In the copy, keep every line below as it is and leave out the pictures.
++++++++++++++++++++
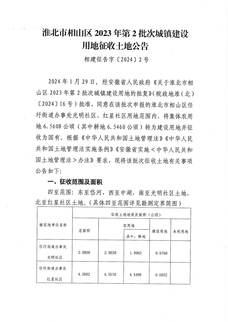 淮北市相山区2023年第2批次城镇建设用地征收土地公告
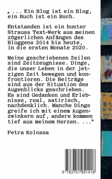 Meine geschriebenen Zeilen sind Zeitzeugnisse. Dinge, die unser Leben in der jetzigen Zeit bewegen und konfrontieren. (Petra Kolossa)Ihre Blog.Geschichten sind lesenswert, kurzweilig und treffen den Nerv der Zeit. Es sind Momentaufnahmen aus ihrem eigenen Leben. Kritisch, nachdenklich, geistreich und mit einer Portion Humor greift sie soziale, politische und alltägliche persönliche Themen auf und verpackt diese mit viel Empathie in ihre Texte.
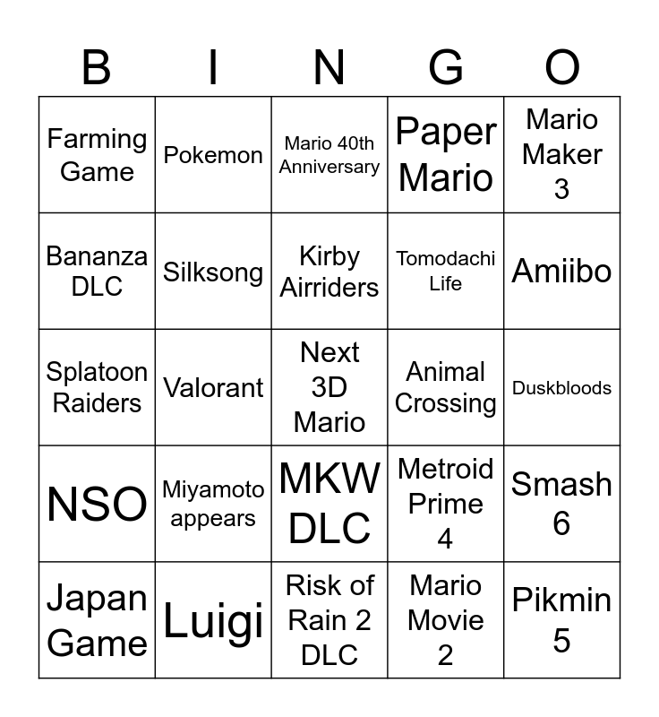 This bingo card has a free space and 24 words: Miyamoto appears, Luigi, Kirby Airriders, Japan Game, Mario Maker 3, Farming Game, Bananza DLC, Pokemon, Animal Crossing, MKW DLC, Tomodachi Life, Splatoon Raiders, Metroid Prime 4, Smash 6, Silksong, Mario Movie 2, Duskbloods, Mario 40th Anniversary, Amiibo, Valorant, Pikmin 5, NSO, Paper Mario and Risk of Rain 2 DLC.
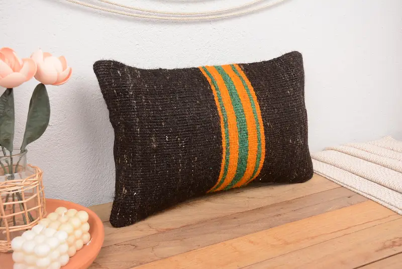 Kahverengi & Turuncu Çizgili Kırlent, El Yapımı Nakışlı Kırlent
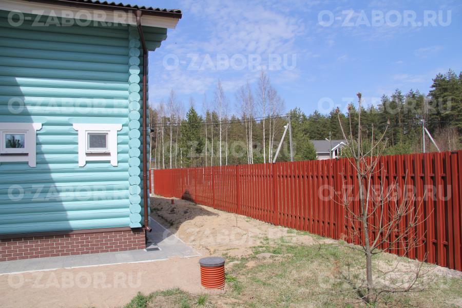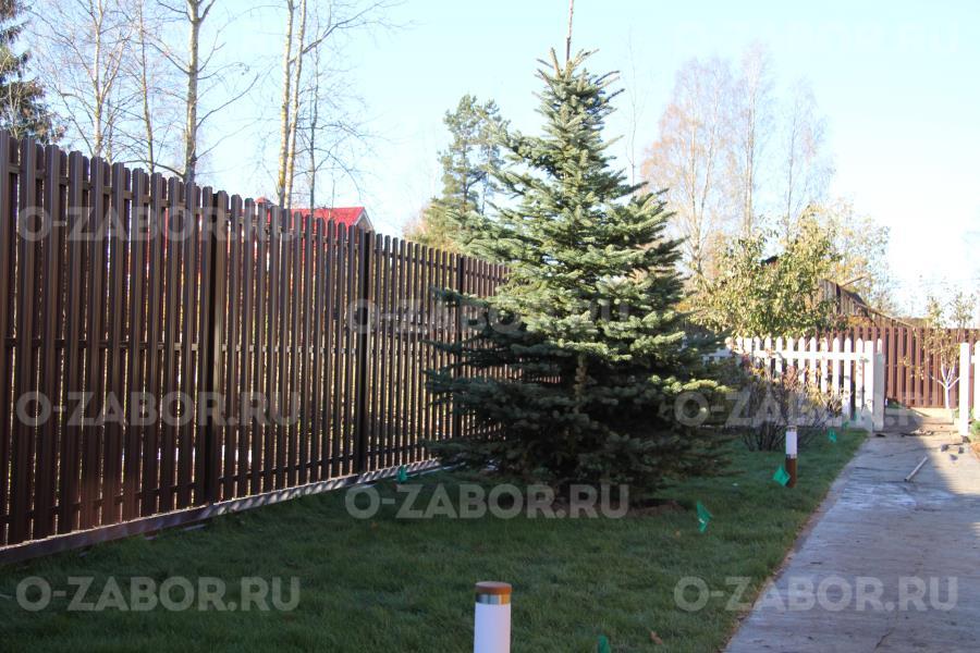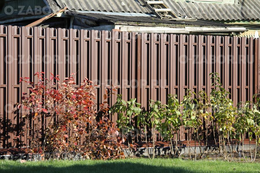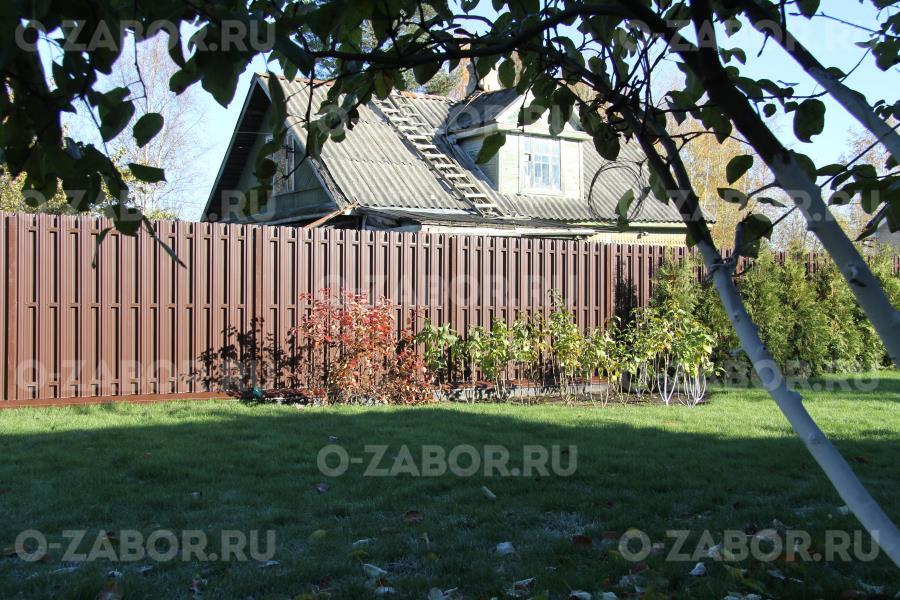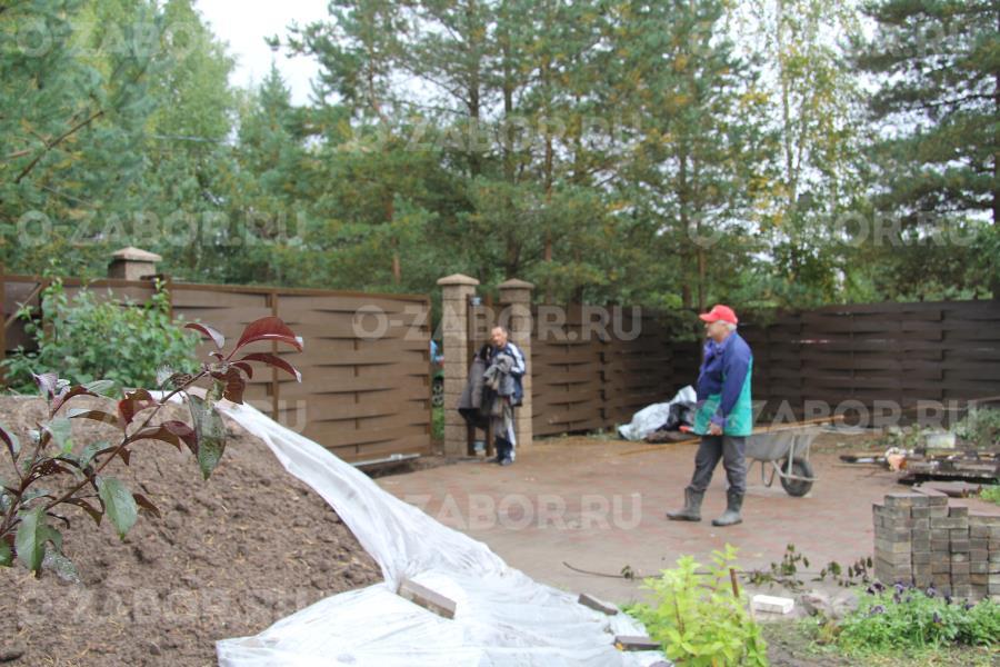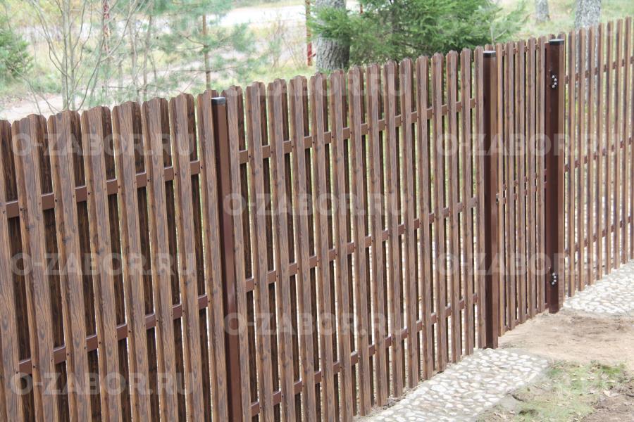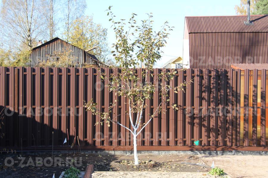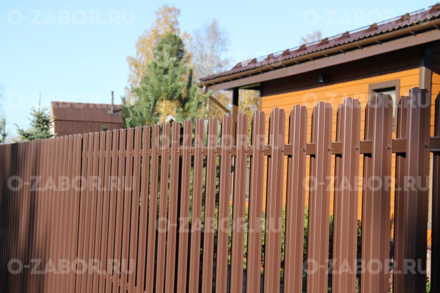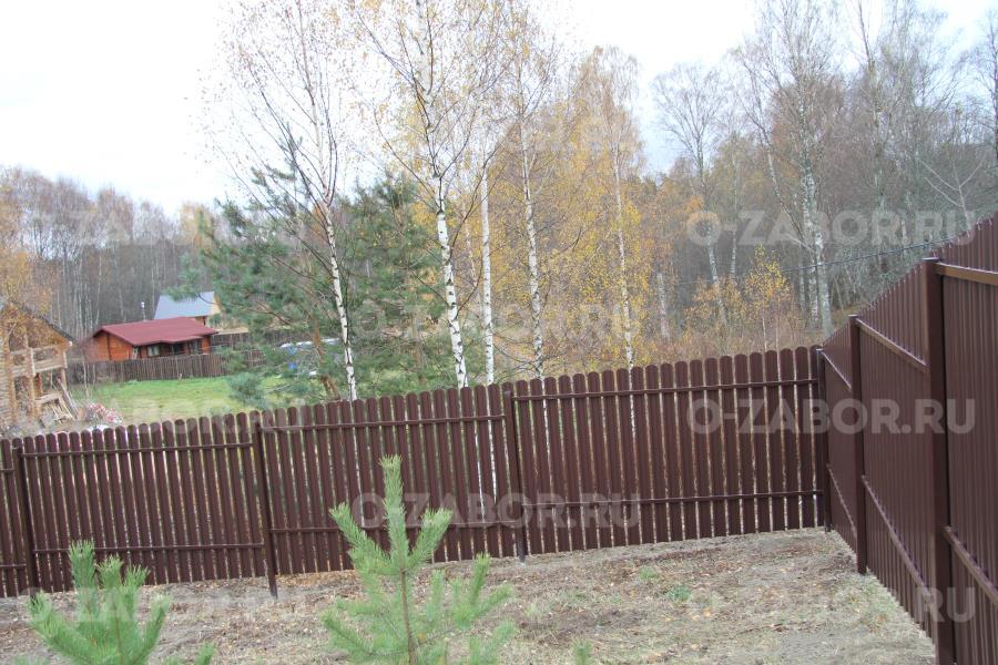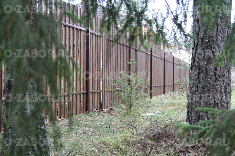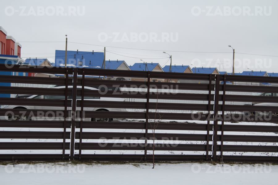 Длина периметра ограждения 170 метров. Штакетник шириной 120 мм, цвет RAL8017 в полимерном покрытии, зашивка с одной стороны с зазором 3 см.
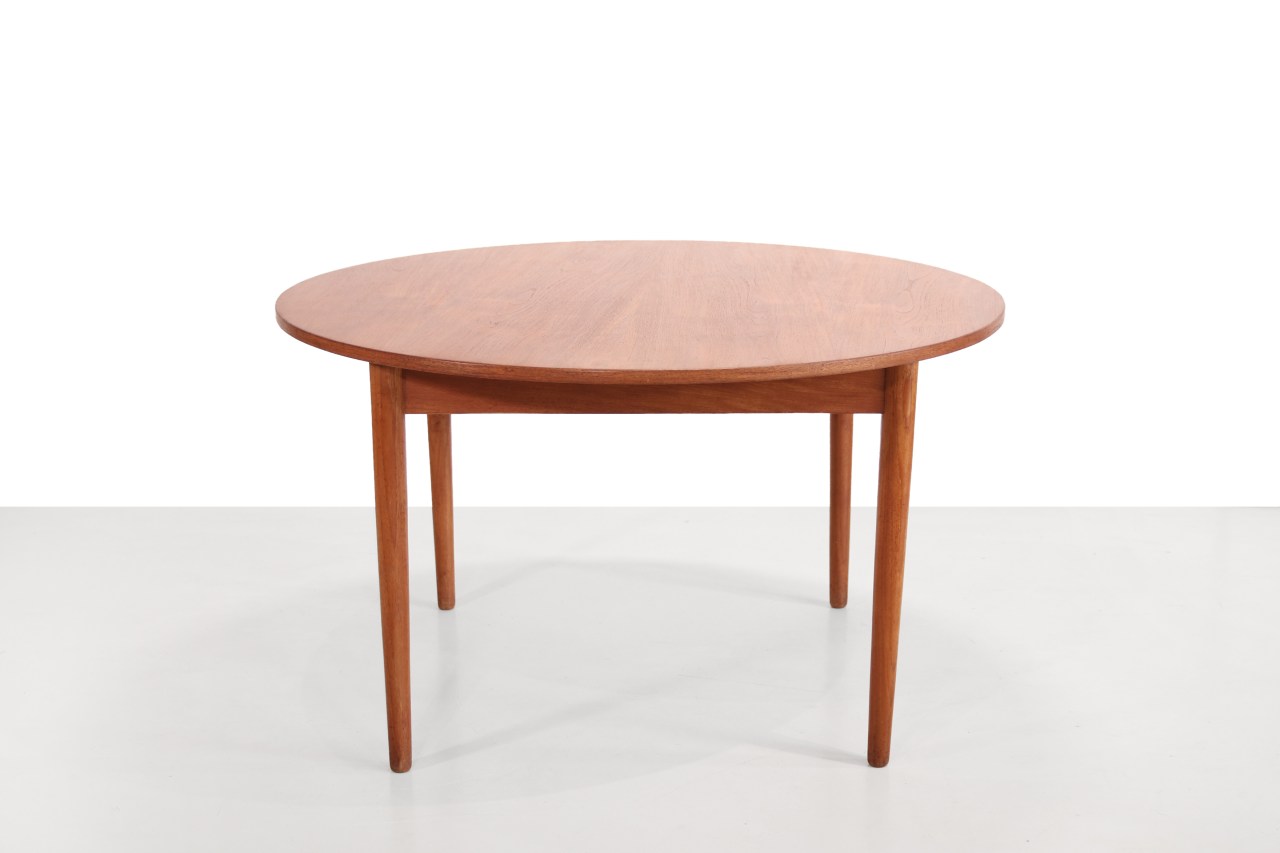 Omschrijving: Grote ronde eetkamertafel uit Denemarken uitgevoerd in teak. Deze tafel biedt ruim plaats voor vier personen. Het tafelblad heeft dan ook een diameter van 130 cm. Het gaat om een vast tafelblad die niet verlengbaar is. Hierdoor heb je ook geen storende lijnen in het blad. De tafel is 73 cm hoog en is een mooie combinatie met onze H.W Klein eetkamerstoelen die wij op dit moment te koop aanbieden.
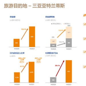 Club Med中国大陆地区上半年营业额较2020年同期增长了172%;三亚亚特兰蒂斯收入达到8.35亿人民币,相比去年同期成长了152%,EBITDA也就是利润水平达到4.1亿人民币,EBITDA ratio已经接近50%。在2021年7月,三亚亚特兰蒂斯的营业额约为2.33亿元,较2020年7月增长约57.6%;房间入住率为96%,高于2020年同期的88.1%,创历史新高。
++++++++++++++++++++
Written response>
 淮北市相山区2023年第2批次城镇建设用地征收土地公告
 Meine geschriebenen Zeilen sind Zeitzeugnisse. Dinge, die unser Leben in der jetzigen Zeit bewegen und konfrontieren. (Petra Kolossa)Ihre Blog.Geschichten sind lesenswert, kurzweilig und treffen den Nerv der Zeit. Es sind Momentaufnahmen aus ihrem eigenen Leben. Kritisch, nachdenklich, geistreich und mit einer Portion Humor greift sie soziale, politische und alltägliche persönliche Themen auf und verpackt diese mit viel Empathie in ihre Texte.
 This bingo card has a free space and 24 words: Miyamoto appears, Luigi, Kirby Airriders, Japan Game, Mario Maker 3, Farming Game, Bananza DLC, Pokemon, Animal Crossing, MKW DLC, Tomodachi Life, Splatoon Raiders, Metroid Prime 4, Smash 6, Silksong, Mario Movie 2, Duskbloods, Mario 40th Anniversary, Amiibo, Valorant, Pikmin 5, NSO, Paper Mario and Risk of Rain 2 DLC.
 Kahverengi & Turuncu Çizgili Kırlent, El Yapımı Nakışlı Kırlent
 Длина периметра ограждения 170 метров. Штакетник шириной 120 мм, цвет RAL8017 в полимерном покрытии, зашивка с одной стороны с зазором 3 см.
 Omschrijving: Grote ronde eetkamertafel uit Denemarken uitgevoerd in teak. Deze tafel biedt ruim plaats voor vier personen. Het tafelblad heeft dan ook een diameter van 130 cm. Het gaat om een vast tafelblad die niet verlengbaar is. Hierdoor heb je ook geen storende lijnen in het blad. De tafel is 73 cm hoog en is een mooie combinatie met onze H.W Klein eetkamerstoelen die wij op dit moment te koop aanbieden.
 Club Med中国大陆地区上半年营业额较2020年同期增长了172%;三亚亚特兰蒂斯收入达到8.35亿人民币,相比去年同期成长了152%,EBITDA也就是利润水平达到4.1亿人民币,EBITDA ratio已经接近50%。在2021年7月,三亚亚特兰蒂斯的营业额约为2.33亿元,较2020年7月增长约57.6%;房间入住率为96%,高于2020年同期的88.1%,创历史新高。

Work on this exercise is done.